Мы приехали, наконец, в... Швейцарец мой, не замешкавшийся показать себя в настоящем своем виде, давно уже, под предлогом, что Русскому баричу неприлично показывать себя скаредным, тешил везде свое лакомство, рассыпая щедро вверенные ему деньги. В ... вручил он меня профессору, который был ему приятелем и, сдав меня ему с рук на руки, слегка уже только наблюдая за успехами моими, дал полную свободу своим прихотям. «Леонид, сказала однажды мать моя, от тебя зависит, чтобы мы скорее увиделись: учись прилежнее, и отец твой ускорит твоим возвращением». Магические слова эти были талисманом незабываемым. Я учился усиленно, перегонял товарищей моих, спеша снова зажить жизнью сердца при матери. Швейцарец мой пользовался успехами моими и, прилагая одобрение учителей к огромным счетам издержек, выманивал у матери моей подарки, а у отца кредитивы новые.
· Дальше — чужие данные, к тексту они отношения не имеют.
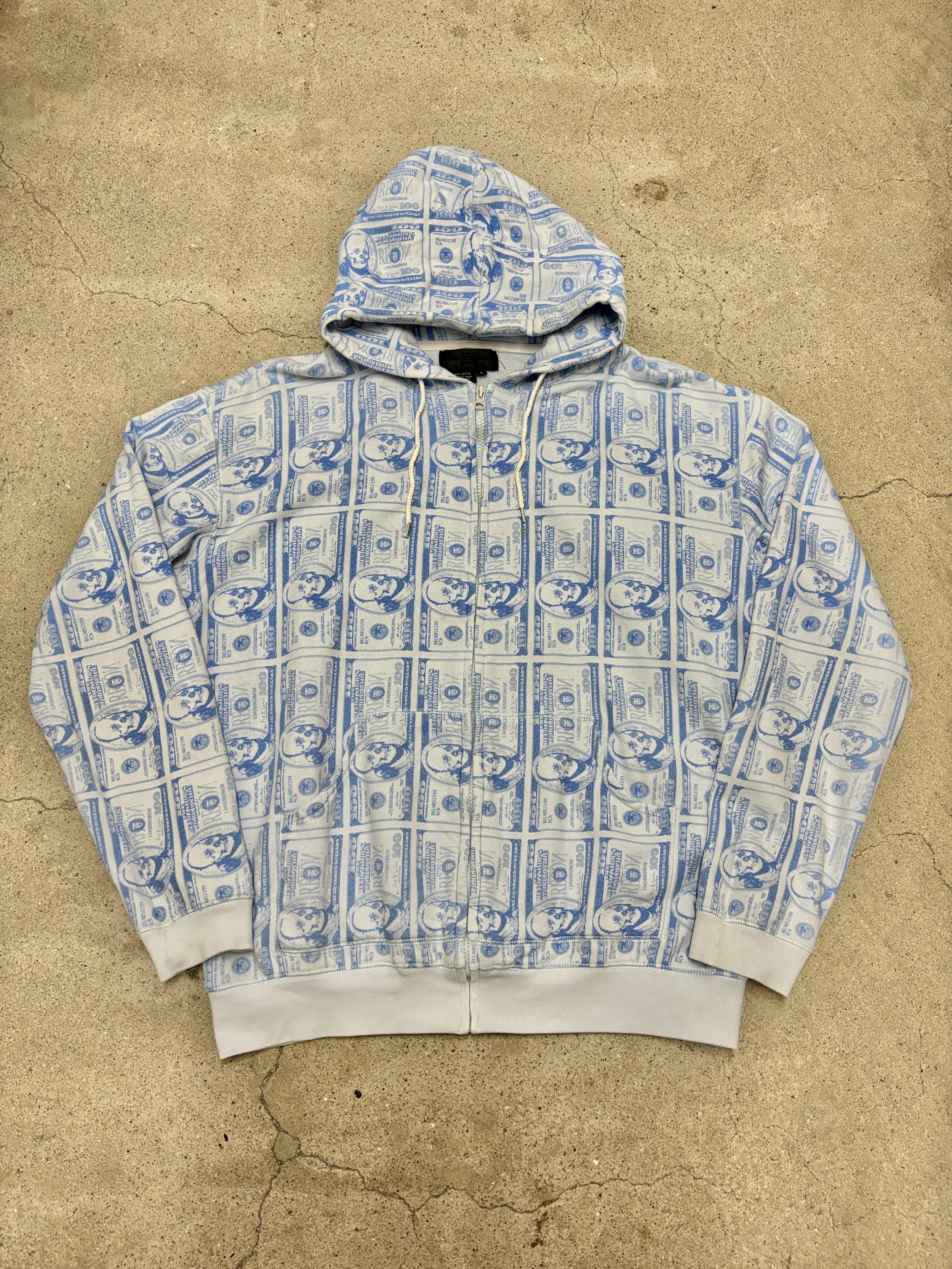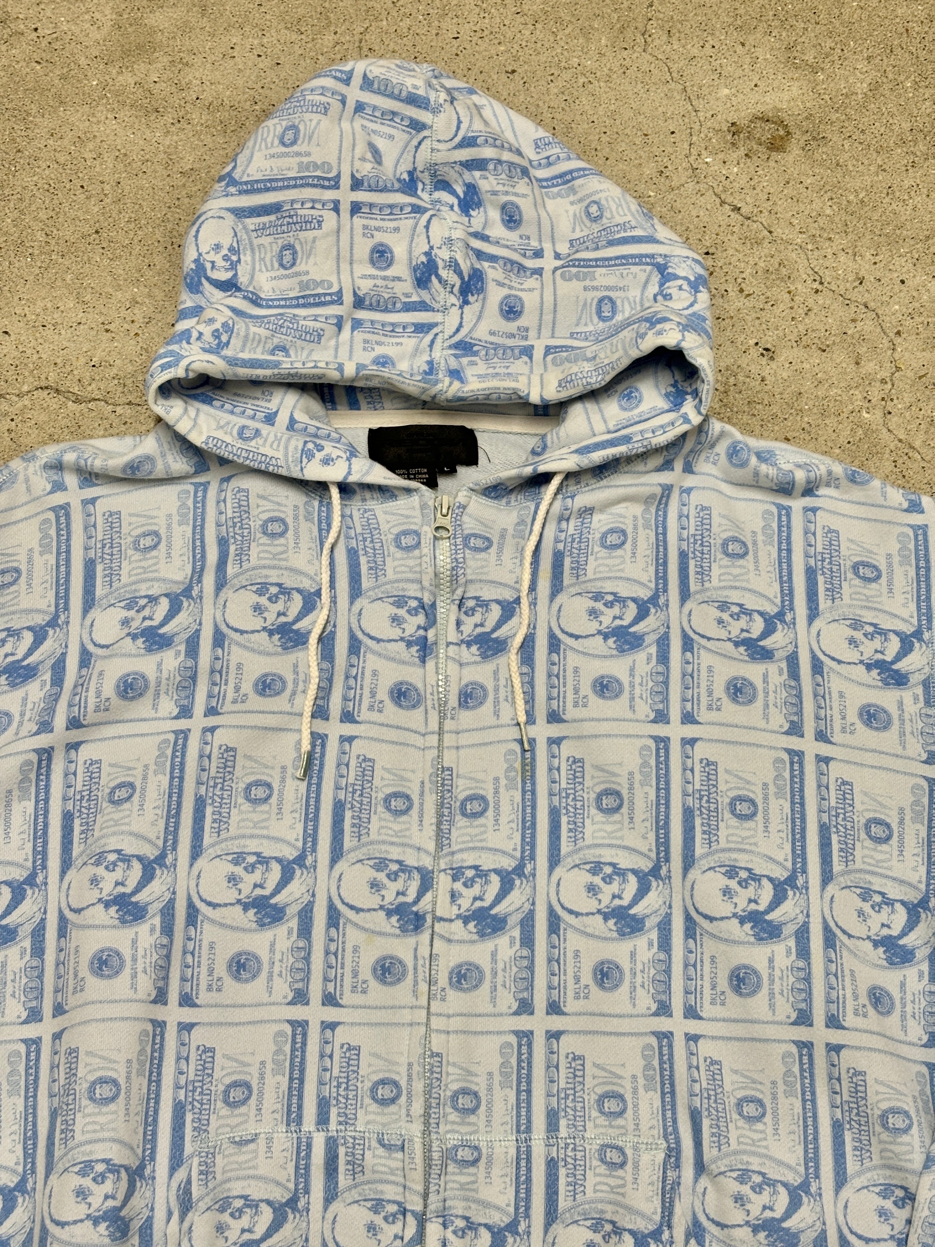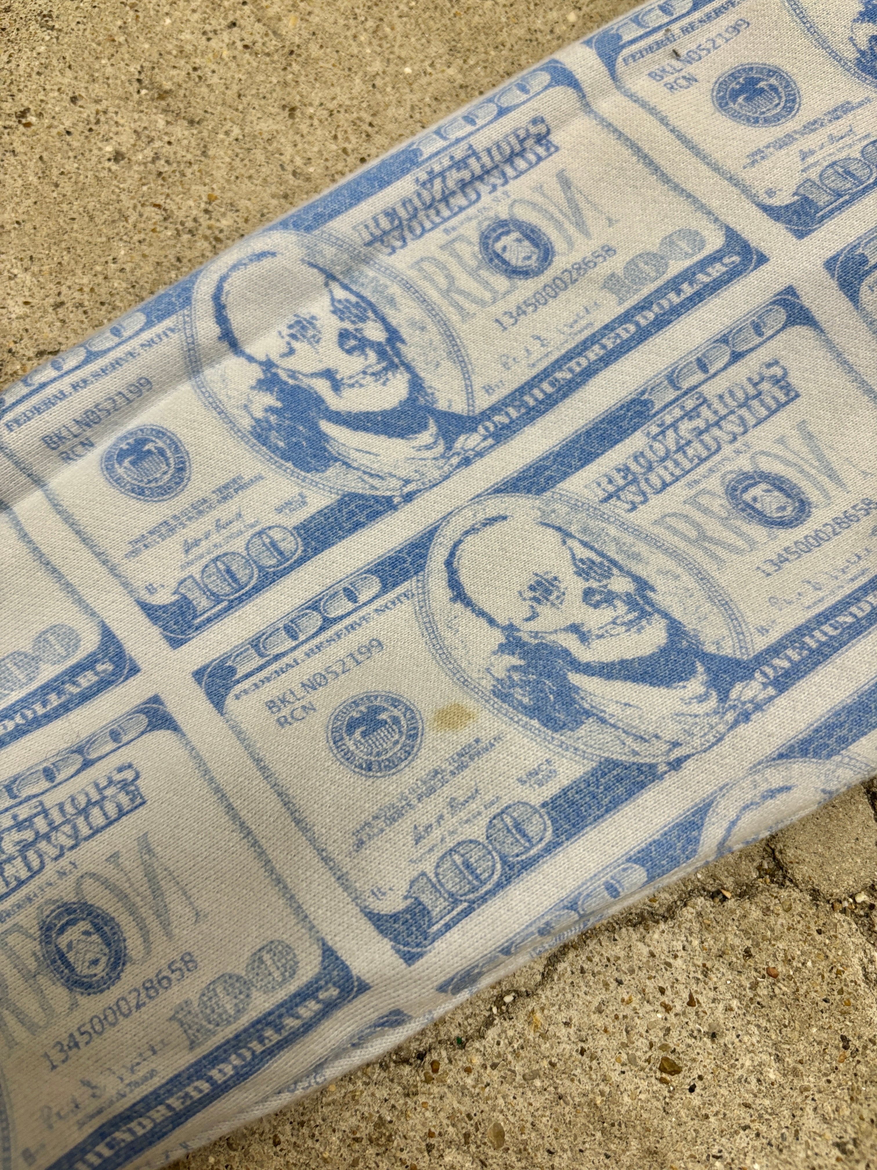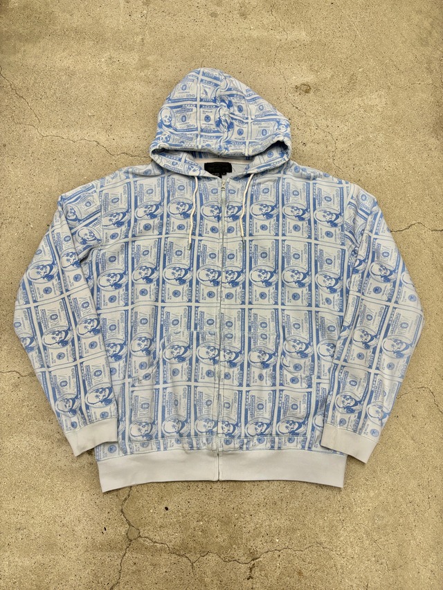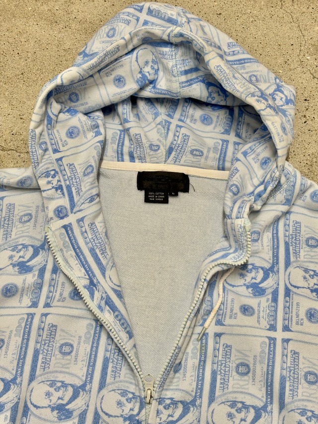 紙幣とスカルがプリントされたアイテム。

Третий год истекал уже, как однажды Швейцарец мой, поужинав поплотнее обыкновенного, сказал: «Я имею объявить вам новость, которая удивит вас. Принц Ф. хочет показать Россию сыну своему и ищет спутника верного. Жалованье огромное и вдвое против того, которое я получаю от родителей ваших. Вы чувствуете, что я не могу лишиться такого выгодного случая; я уговорился уже с принцем, и мы завтра по утру с вами расстанемся». Мы с Климом остолбенели. «Помилуйте, батюшка, как же барин мой здесь один останется?» - «О, это самая безделица: я поручил вас профессору и, увидевшись с родителями вашими, лично обо всем переговорю с ними». Сказав это, отпер шкатулку, выложил на стол червонцы и кредитивы и, оточтя сполна все, что до этого дня ему следовало, оставил нас при 10-ти талерах и кредитиве на 50 червонцев. Изумленный Клим хотел выразить ему невозможность остаться нам на чужой стороне при такой малой сумме, едва до новой присылки достаточной, но Швейцарец закричал громогласно: «полно врать... братец, я сказал уже, что все по приезде в Россию   устрою», потом запер шкатулку, отдал мне ключ, стал укладывать чемодан свой, вынес его в переднюю, на всякий случай простился со мною, лег в постель и захрапел скоро.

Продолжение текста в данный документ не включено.